[[ EXTRACTED MATERIAL open ]]

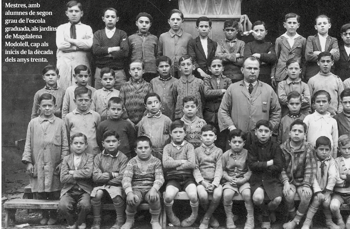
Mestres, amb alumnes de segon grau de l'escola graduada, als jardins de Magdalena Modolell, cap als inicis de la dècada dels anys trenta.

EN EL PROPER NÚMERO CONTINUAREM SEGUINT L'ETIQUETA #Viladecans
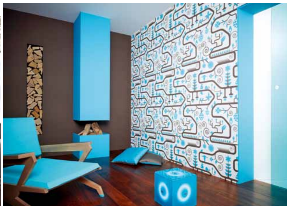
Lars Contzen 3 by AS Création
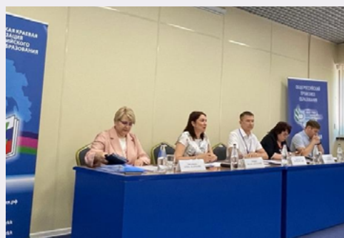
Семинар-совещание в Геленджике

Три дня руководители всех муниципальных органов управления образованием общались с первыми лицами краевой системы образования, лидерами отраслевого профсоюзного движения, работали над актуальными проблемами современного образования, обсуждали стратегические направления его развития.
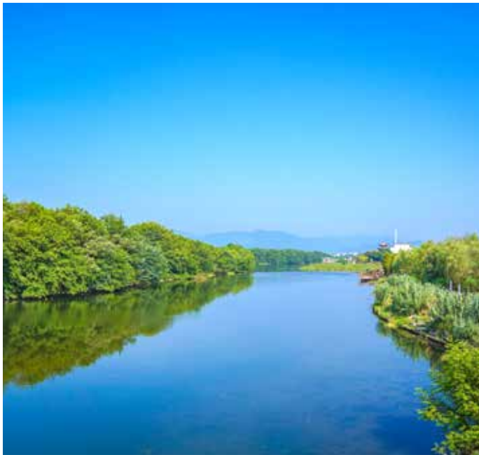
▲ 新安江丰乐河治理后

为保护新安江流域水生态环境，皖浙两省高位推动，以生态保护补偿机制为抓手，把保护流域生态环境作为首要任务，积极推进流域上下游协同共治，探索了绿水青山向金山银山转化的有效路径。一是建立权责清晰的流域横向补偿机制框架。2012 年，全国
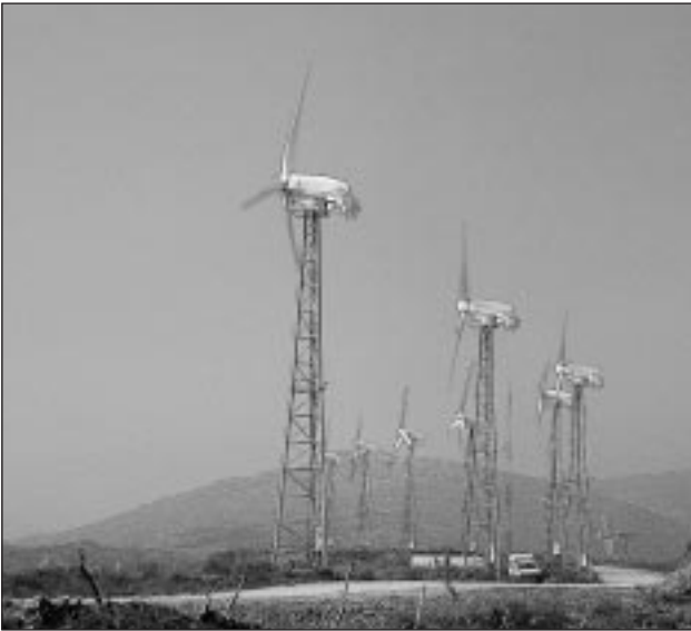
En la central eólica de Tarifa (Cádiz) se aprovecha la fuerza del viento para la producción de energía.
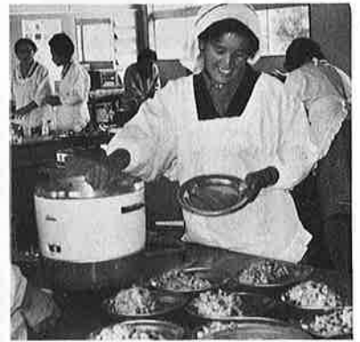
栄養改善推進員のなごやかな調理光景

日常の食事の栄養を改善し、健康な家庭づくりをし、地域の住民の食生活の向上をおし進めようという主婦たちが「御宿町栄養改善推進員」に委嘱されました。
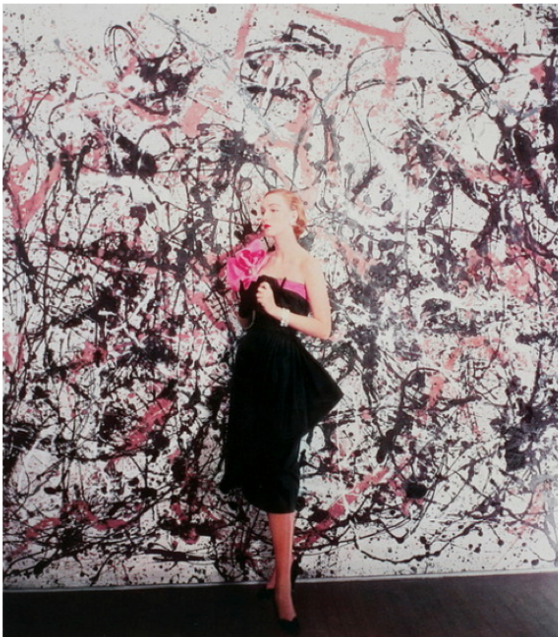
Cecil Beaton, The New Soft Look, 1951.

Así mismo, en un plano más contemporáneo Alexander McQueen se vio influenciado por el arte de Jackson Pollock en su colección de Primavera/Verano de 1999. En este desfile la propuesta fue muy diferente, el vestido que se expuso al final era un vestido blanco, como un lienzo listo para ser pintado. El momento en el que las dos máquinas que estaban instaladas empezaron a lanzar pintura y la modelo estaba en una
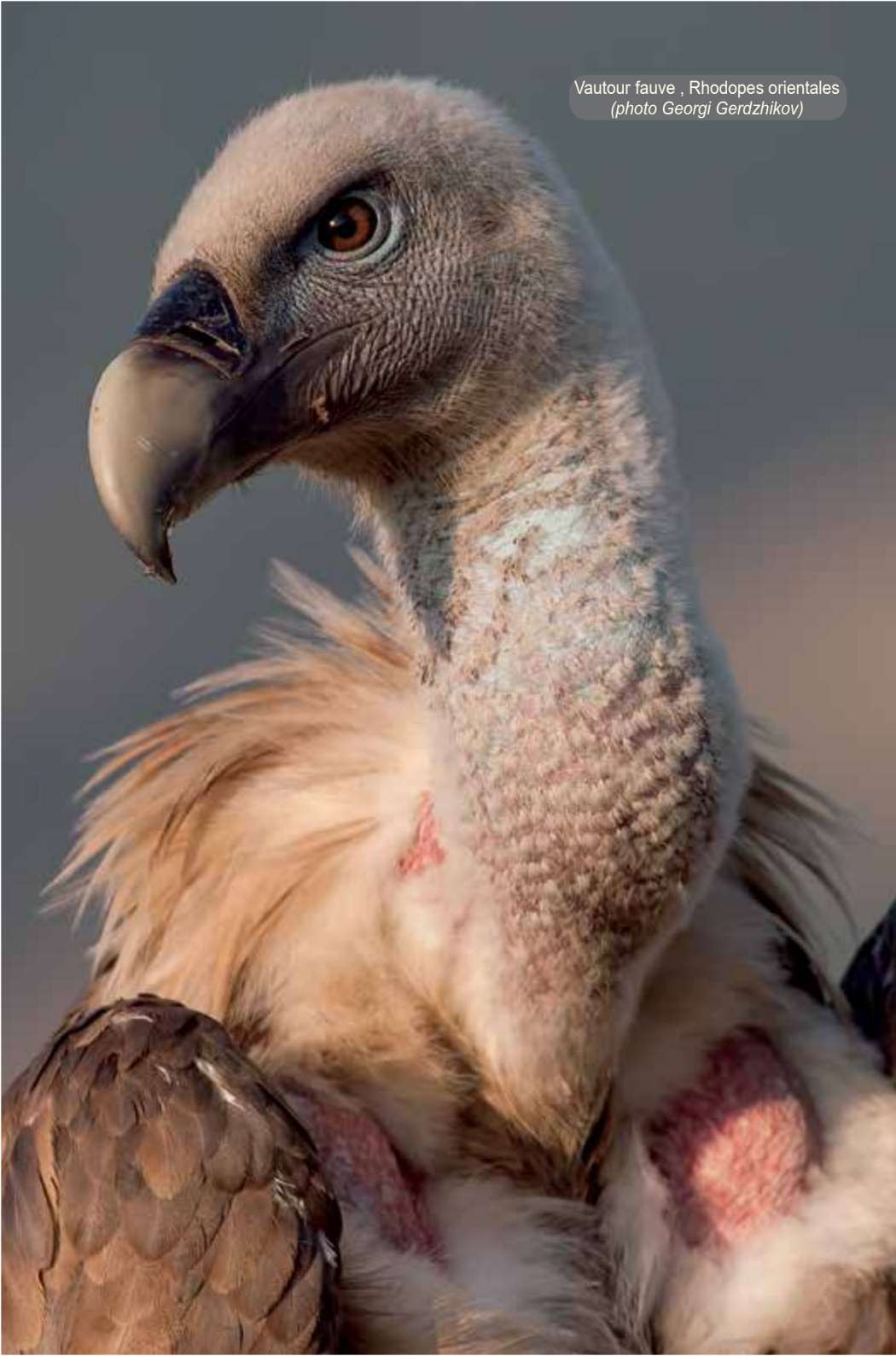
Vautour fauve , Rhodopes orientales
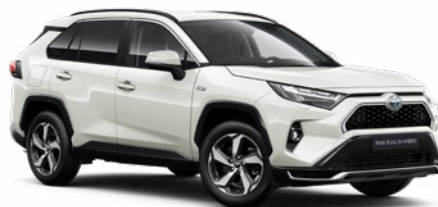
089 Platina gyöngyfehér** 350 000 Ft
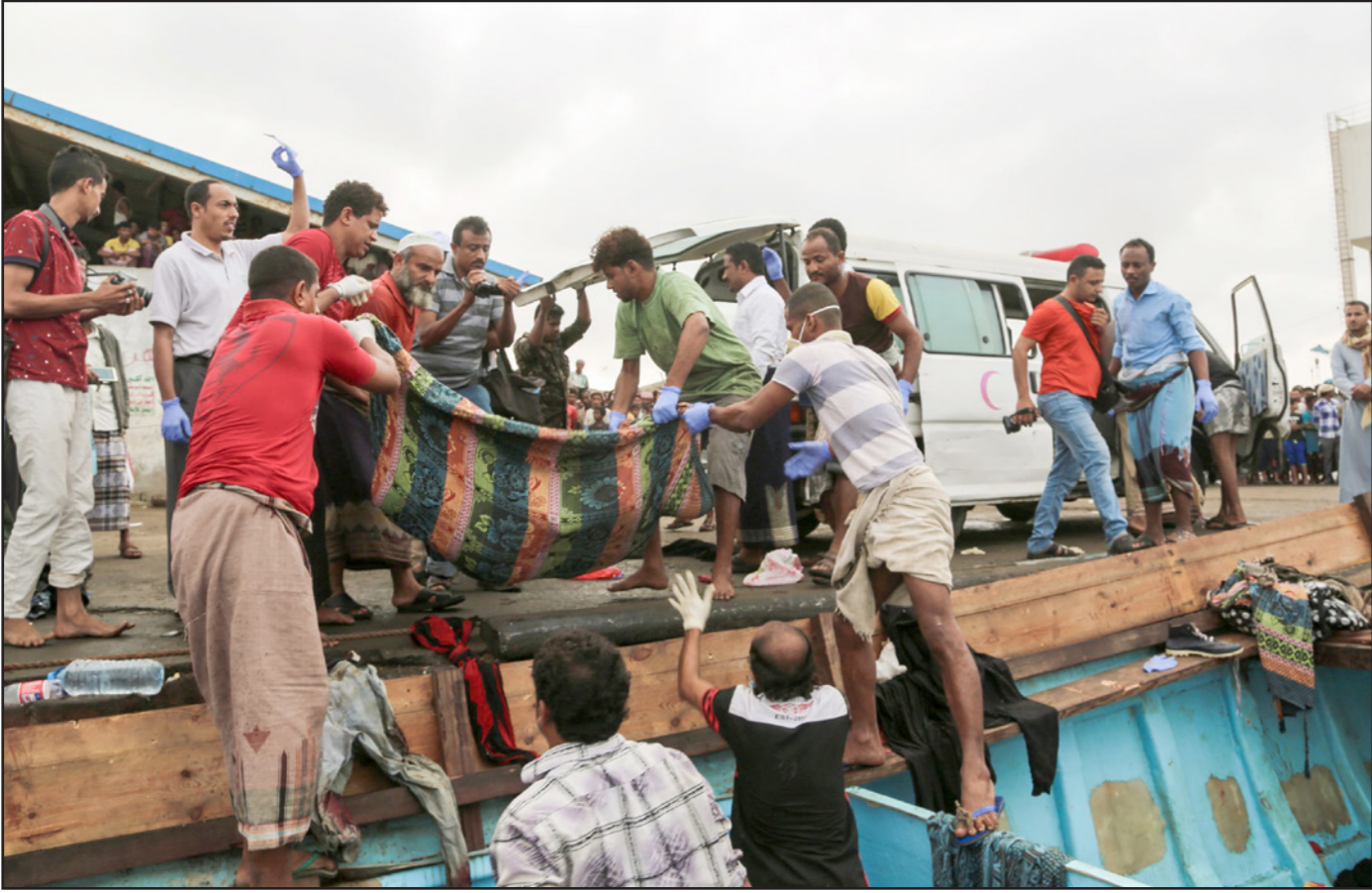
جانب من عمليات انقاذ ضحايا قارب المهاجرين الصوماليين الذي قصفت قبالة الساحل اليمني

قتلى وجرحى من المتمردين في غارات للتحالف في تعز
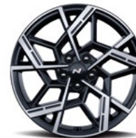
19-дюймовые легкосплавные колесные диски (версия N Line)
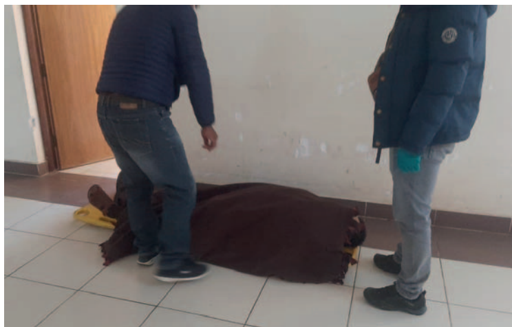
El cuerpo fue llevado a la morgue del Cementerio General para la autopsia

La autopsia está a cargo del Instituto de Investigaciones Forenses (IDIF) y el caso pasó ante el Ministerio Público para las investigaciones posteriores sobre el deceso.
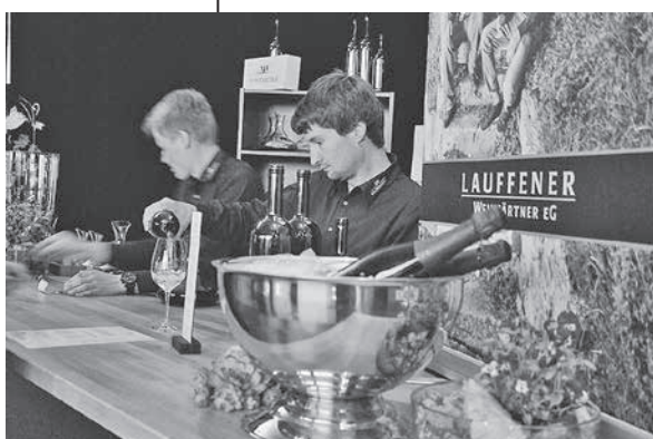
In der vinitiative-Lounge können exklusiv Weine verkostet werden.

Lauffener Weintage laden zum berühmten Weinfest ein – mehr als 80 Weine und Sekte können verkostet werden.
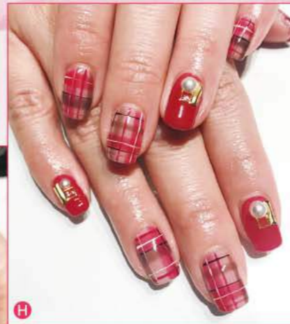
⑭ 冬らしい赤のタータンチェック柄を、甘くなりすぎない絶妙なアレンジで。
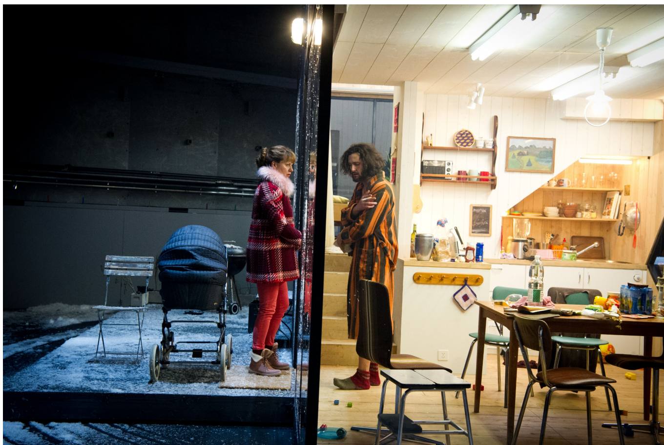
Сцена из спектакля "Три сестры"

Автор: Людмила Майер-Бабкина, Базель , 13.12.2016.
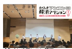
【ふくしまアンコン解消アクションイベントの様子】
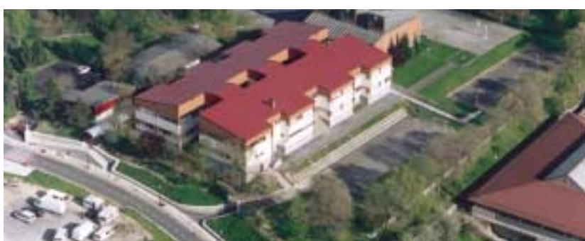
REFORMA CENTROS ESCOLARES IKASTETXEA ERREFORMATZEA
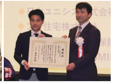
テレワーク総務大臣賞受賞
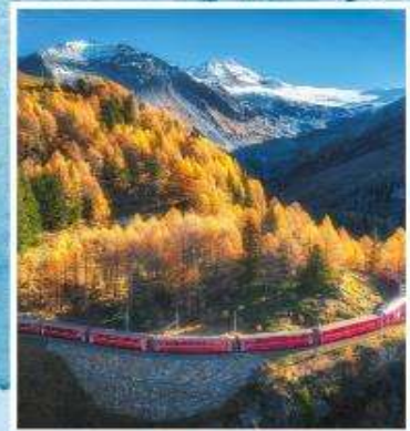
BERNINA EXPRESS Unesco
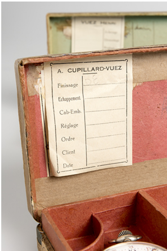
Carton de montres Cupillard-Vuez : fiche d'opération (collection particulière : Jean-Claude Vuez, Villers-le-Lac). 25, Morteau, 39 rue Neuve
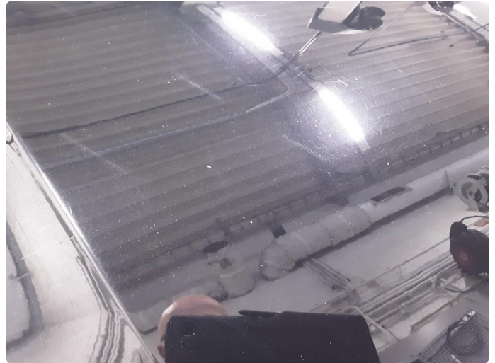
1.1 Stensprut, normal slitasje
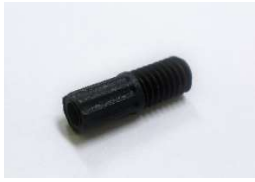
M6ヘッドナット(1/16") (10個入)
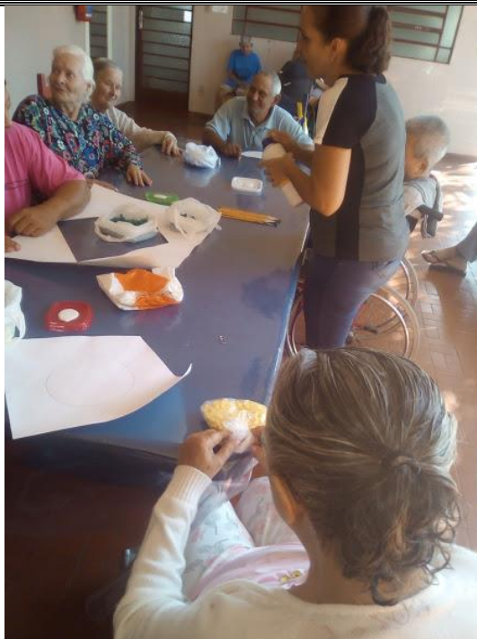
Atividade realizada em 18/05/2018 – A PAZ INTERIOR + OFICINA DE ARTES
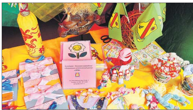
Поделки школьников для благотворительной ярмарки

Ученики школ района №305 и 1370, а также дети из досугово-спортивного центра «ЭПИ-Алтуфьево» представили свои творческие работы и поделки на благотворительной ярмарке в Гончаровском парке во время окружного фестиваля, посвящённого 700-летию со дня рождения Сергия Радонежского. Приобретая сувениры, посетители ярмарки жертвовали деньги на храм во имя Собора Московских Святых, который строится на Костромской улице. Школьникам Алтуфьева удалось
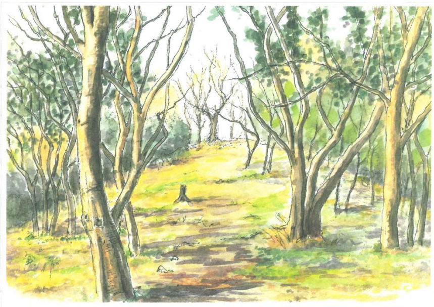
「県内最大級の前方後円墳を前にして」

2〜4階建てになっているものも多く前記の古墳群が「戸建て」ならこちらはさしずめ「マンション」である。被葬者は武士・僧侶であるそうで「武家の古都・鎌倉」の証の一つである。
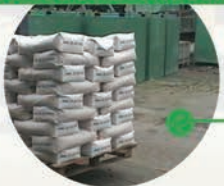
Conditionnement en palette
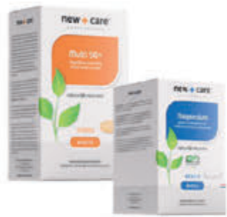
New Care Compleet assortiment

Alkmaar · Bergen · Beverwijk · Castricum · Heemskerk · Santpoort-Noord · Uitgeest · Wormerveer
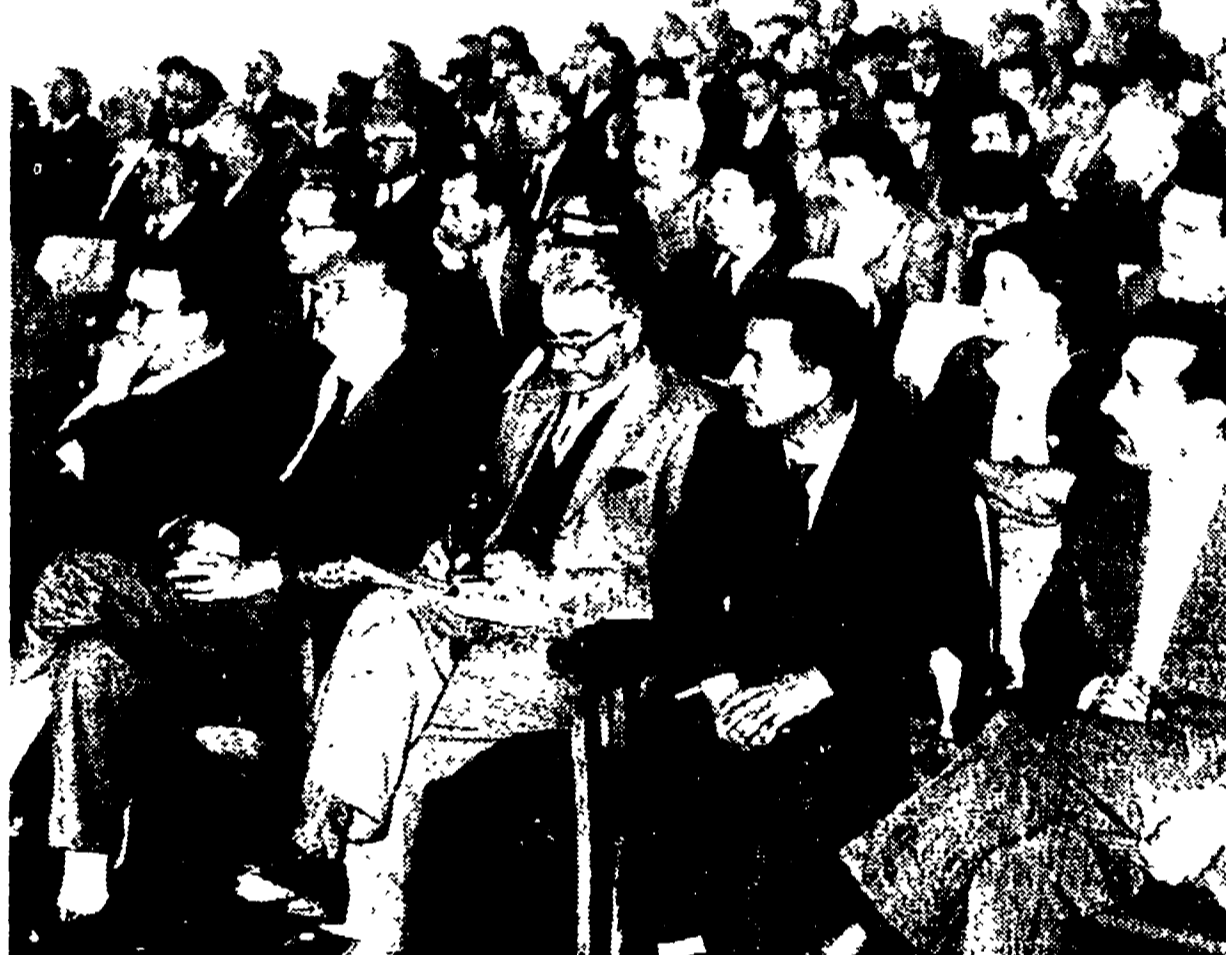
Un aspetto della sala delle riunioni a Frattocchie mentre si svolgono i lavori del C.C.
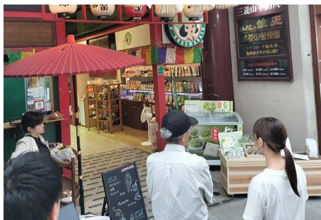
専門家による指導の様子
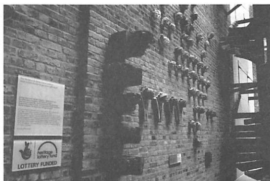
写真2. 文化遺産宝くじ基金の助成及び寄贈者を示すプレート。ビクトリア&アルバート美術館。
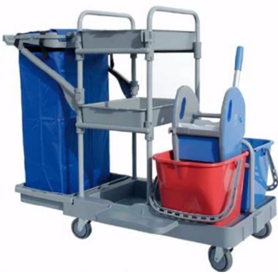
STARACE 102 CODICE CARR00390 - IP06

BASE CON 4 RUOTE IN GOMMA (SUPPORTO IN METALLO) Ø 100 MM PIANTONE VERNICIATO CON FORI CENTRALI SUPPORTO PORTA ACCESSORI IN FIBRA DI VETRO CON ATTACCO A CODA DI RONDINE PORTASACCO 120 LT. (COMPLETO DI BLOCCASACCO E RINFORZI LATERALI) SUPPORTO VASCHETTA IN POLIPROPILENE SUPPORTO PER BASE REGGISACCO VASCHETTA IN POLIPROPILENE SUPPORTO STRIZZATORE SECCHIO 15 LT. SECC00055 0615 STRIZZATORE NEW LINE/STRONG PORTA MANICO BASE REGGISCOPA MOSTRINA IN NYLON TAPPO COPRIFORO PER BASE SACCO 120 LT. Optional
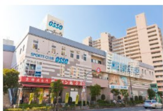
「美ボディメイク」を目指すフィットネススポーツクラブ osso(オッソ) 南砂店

[[ EXTRACTED MATERIAL closed ]]

EXERCISE BRIEF: Look for the word "autopsia". Copy out every line of the data that has it.

OUTPUT BELOW:
El cuerpo fue llevado a la morgue del Cementerio General para la autopsia
La autopsia está a cargo del Instituto de Investigaciones Forenses (IDIF) y el caso pasó ante el Ministerio Público para las investigaciones posteriores sobre el deceso.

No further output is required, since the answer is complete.